Task details -
Once the line holding "(通讯员 郭羽)2019年7" is found in the entries below, transcribe exactly every line up to and including the one holding "Az online marketing", but leave out the pictures.

Given records -
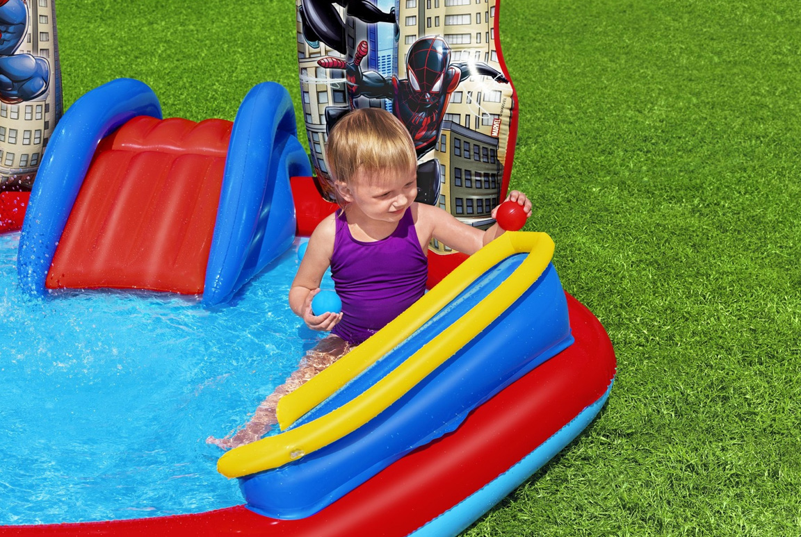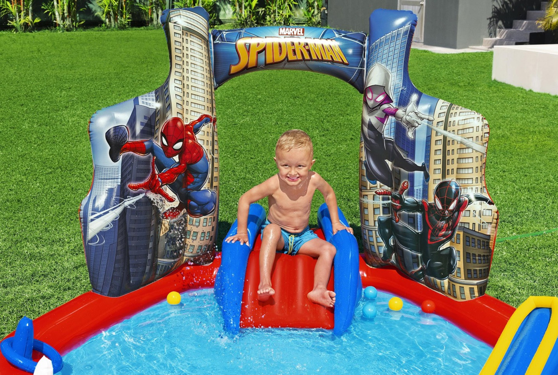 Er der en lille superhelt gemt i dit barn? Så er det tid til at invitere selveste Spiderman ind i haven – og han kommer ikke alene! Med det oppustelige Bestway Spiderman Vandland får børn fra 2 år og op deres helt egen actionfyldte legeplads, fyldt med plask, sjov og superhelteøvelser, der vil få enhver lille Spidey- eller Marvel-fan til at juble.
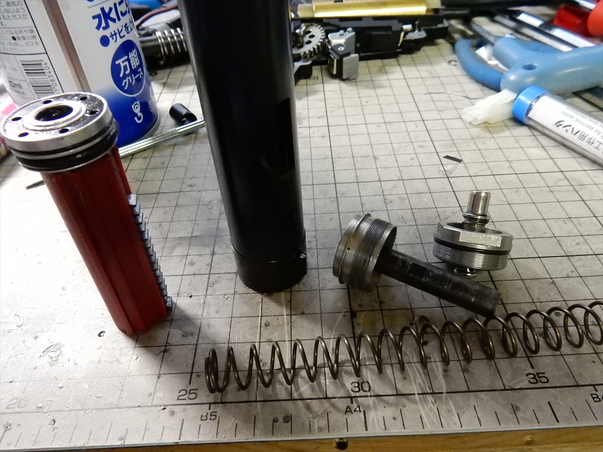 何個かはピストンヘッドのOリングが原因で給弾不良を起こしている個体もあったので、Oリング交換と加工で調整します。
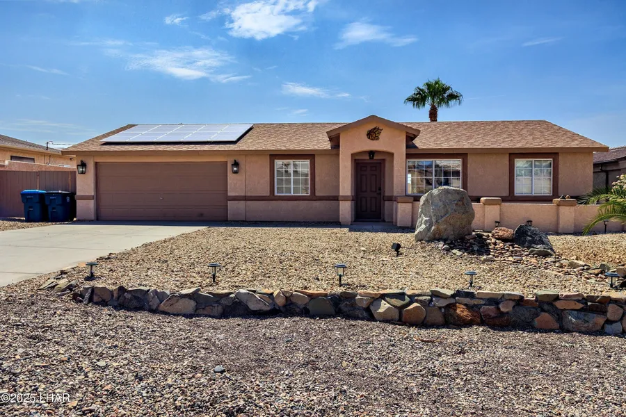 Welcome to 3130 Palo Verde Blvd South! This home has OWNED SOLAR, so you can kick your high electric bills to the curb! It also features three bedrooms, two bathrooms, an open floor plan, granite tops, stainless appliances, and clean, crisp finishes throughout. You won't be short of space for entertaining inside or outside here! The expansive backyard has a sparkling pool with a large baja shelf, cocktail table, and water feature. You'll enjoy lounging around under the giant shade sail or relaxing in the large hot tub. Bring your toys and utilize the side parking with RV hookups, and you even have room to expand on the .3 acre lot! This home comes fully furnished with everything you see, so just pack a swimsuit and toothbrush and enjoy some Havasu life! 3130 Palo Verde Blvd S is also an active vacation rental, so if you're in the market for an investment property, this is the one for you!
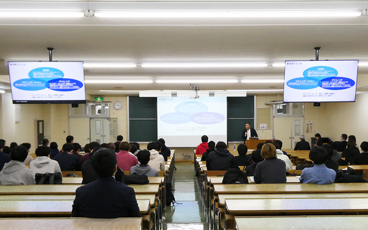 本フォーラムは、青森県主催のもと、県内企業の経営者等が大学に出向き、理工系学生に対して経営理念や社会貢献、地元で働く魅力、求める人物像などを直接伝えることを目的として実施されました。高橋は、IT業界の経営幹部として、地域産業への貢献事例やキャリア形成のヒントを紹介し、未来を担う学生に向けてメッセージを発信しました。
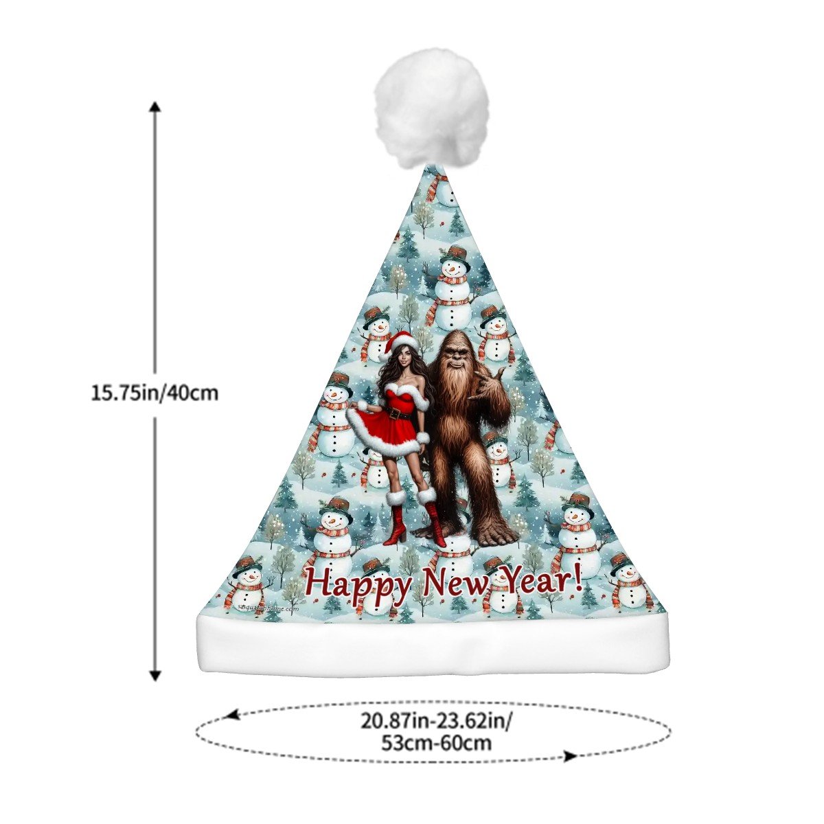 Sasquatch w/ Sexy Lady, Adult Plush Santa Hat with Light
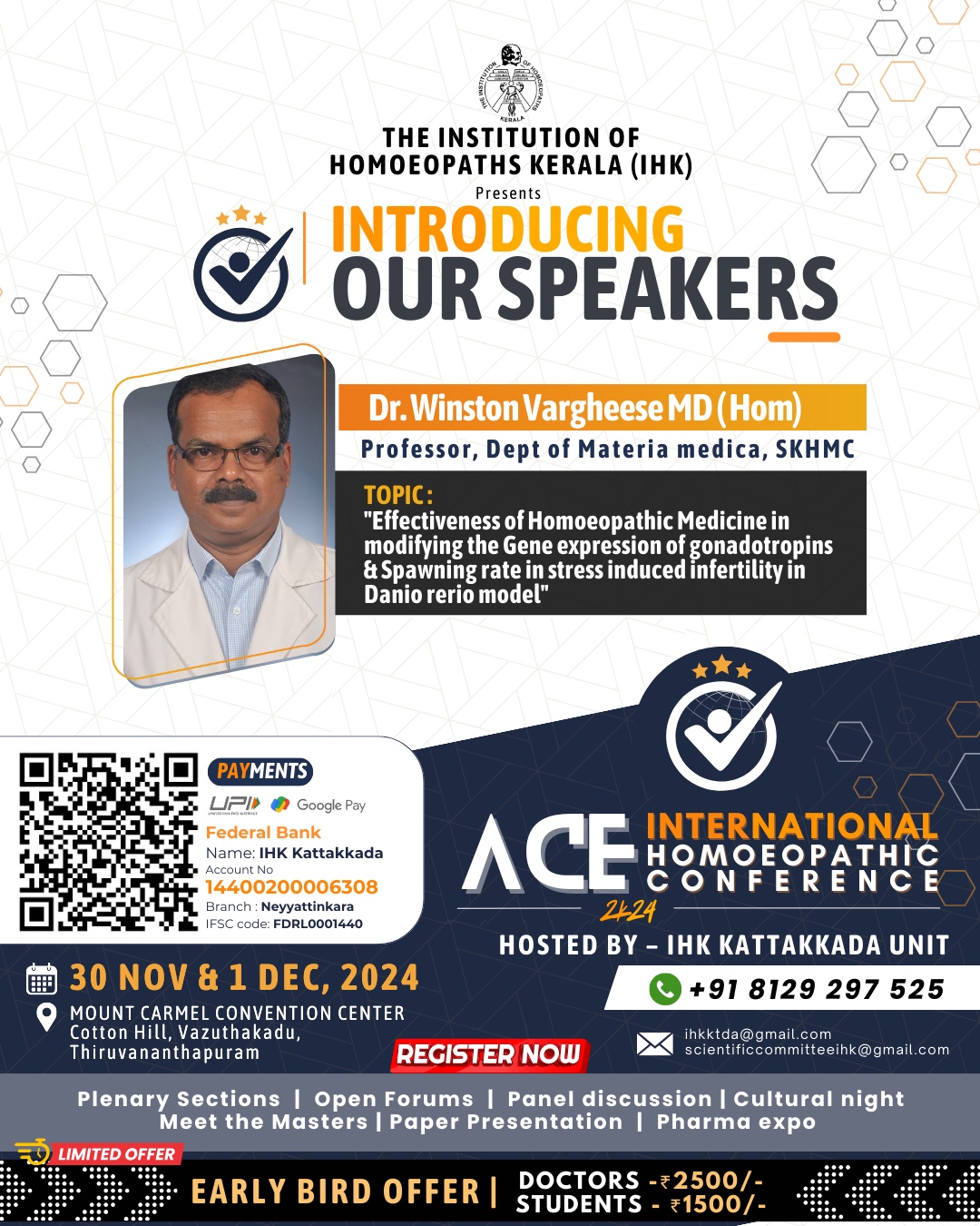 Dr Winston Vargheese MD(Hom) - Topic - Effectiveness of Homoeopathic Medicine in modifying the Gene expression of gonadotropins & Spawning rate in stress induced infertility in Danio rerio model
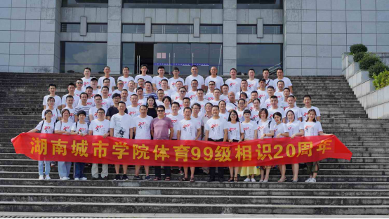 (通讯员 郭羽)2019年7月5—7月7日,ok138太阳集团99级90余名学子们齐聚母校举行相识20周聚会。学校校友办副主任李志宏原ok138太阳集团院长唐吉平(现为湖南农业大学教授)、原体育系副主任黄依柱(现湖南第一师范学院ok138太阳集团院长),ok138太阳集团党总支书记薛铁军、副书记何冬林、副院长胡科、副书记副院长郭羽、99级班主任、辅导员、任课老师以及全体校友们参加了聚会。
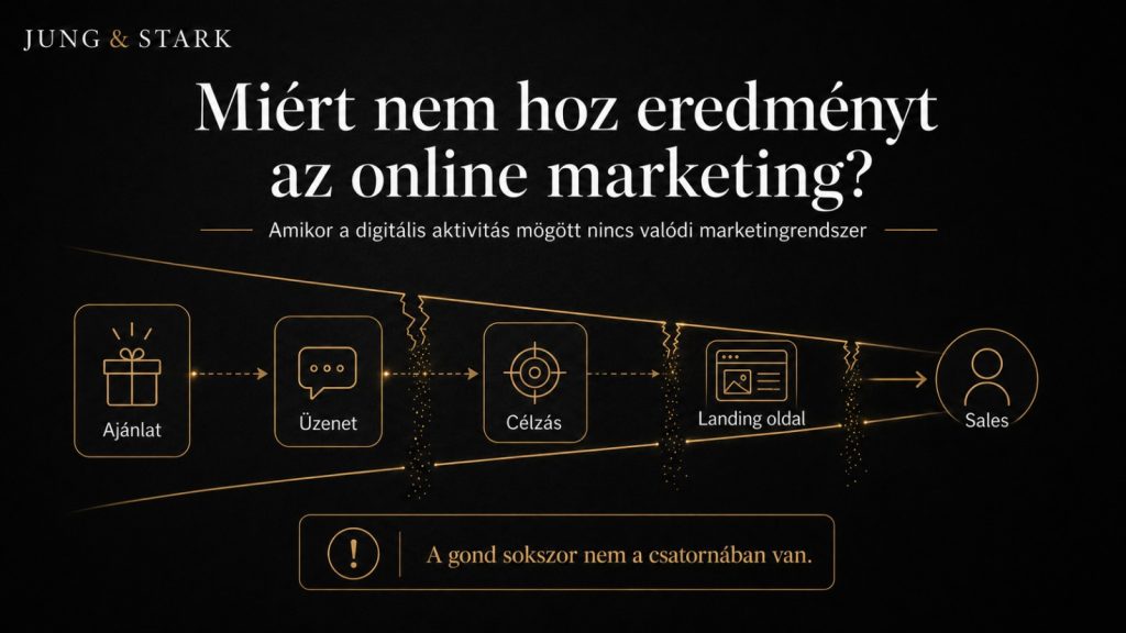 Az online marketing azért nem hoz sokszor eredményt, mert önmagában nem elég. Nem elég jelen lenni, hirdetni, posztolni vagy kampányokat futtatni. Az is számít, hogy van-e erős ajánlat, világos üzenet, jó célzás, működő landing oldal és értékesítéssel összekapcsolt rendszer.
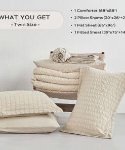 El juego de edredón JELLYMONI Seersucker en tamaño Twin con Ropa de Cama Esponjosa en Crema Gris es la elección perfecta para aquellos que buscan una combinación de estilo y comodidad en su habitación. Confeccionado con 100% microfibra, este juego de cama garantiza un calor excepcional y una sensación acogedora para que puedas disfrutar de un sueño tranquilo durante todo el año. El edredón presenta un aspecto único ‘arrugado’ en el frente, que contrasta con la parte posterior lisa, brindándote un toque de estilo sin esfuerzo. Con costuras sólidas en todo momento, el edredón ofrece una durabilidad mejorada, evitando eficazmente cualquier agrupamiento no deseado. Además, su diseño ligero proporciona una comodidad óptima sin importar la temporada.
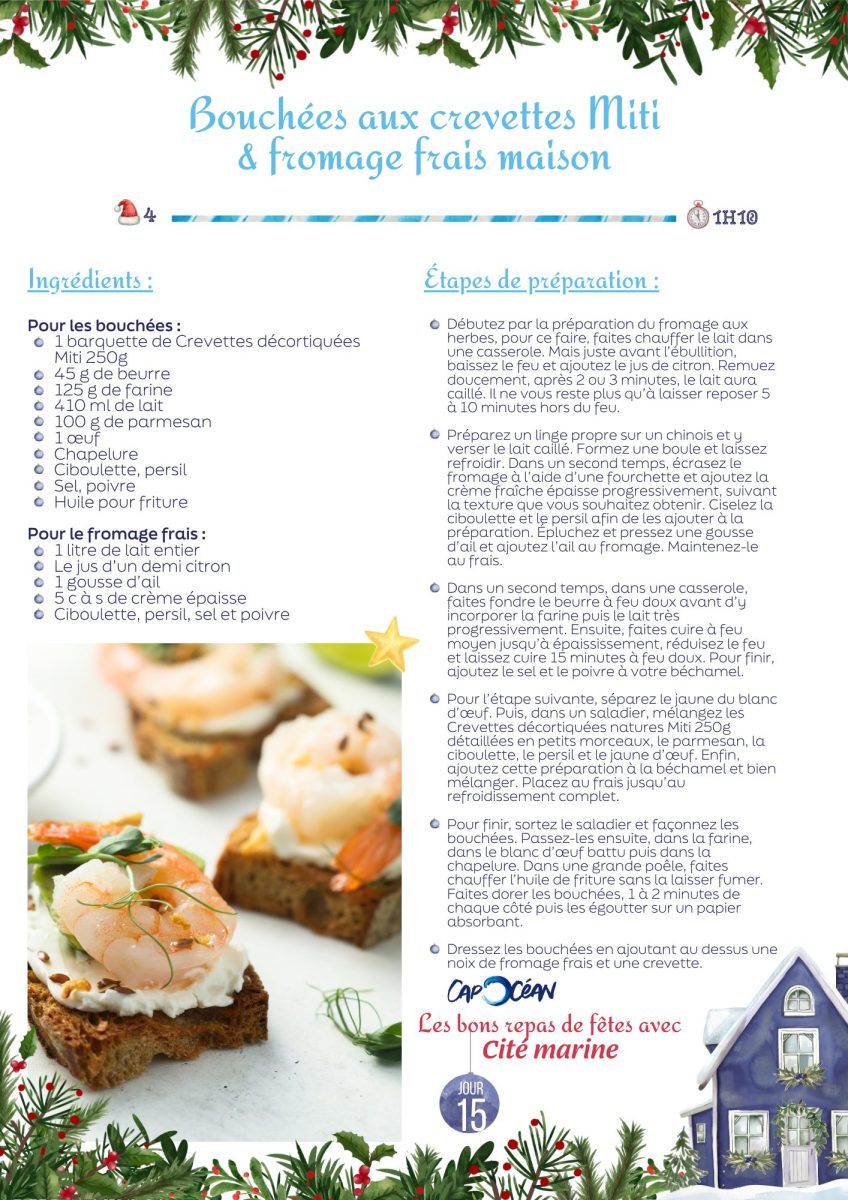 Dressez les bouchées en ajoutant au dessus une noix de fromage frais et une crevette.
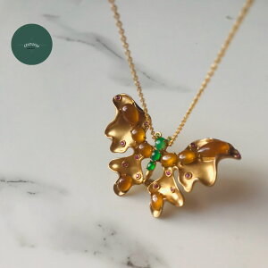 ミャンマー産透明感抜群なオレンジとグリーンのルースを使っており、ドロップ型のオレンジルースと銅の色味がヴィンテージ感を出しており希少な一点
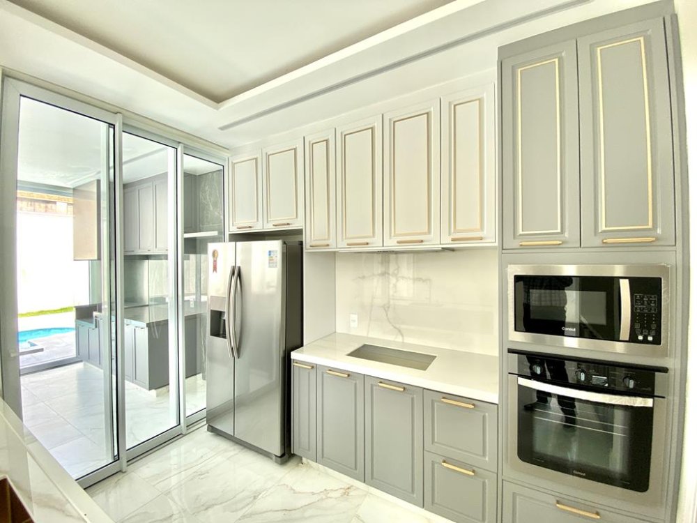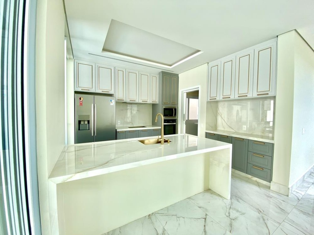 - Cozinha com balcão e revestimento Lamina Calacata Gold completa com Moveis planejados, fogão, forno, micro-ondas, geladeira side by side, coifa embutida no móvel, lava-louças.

Answer section -
 (通讯员 郭羽)2019年7月5—7月7日,ok138太阳集团99级90余名学子们齐聚母校举行相识20周聚会。学校校友办副主任李志宏原ok138太阳集团院长唐吉平(现为湖南农业大学教授)、原体育系副主任黄依柱(现湖南第一师范学院ok138太阳集团院长),ok138太阳集团党总支书记薛铁军、副书记何冬林、副院长胡科、副书记副院长郭羽、99级班主任、辅导员、任课老师以及全体校友们参加了聚会。
 Az online marketing azért nem hoz sokszor eredményt, mert önmagában nem elég. Nem elég jelen lenni, hirdetni, posztolni vagy kampányokat futtatni. Az is számít, hogy van-e erős ajánlat, világos üzenet, jó célzás, működő landing oldal és értékesítéssel összekapcsolt rendszer.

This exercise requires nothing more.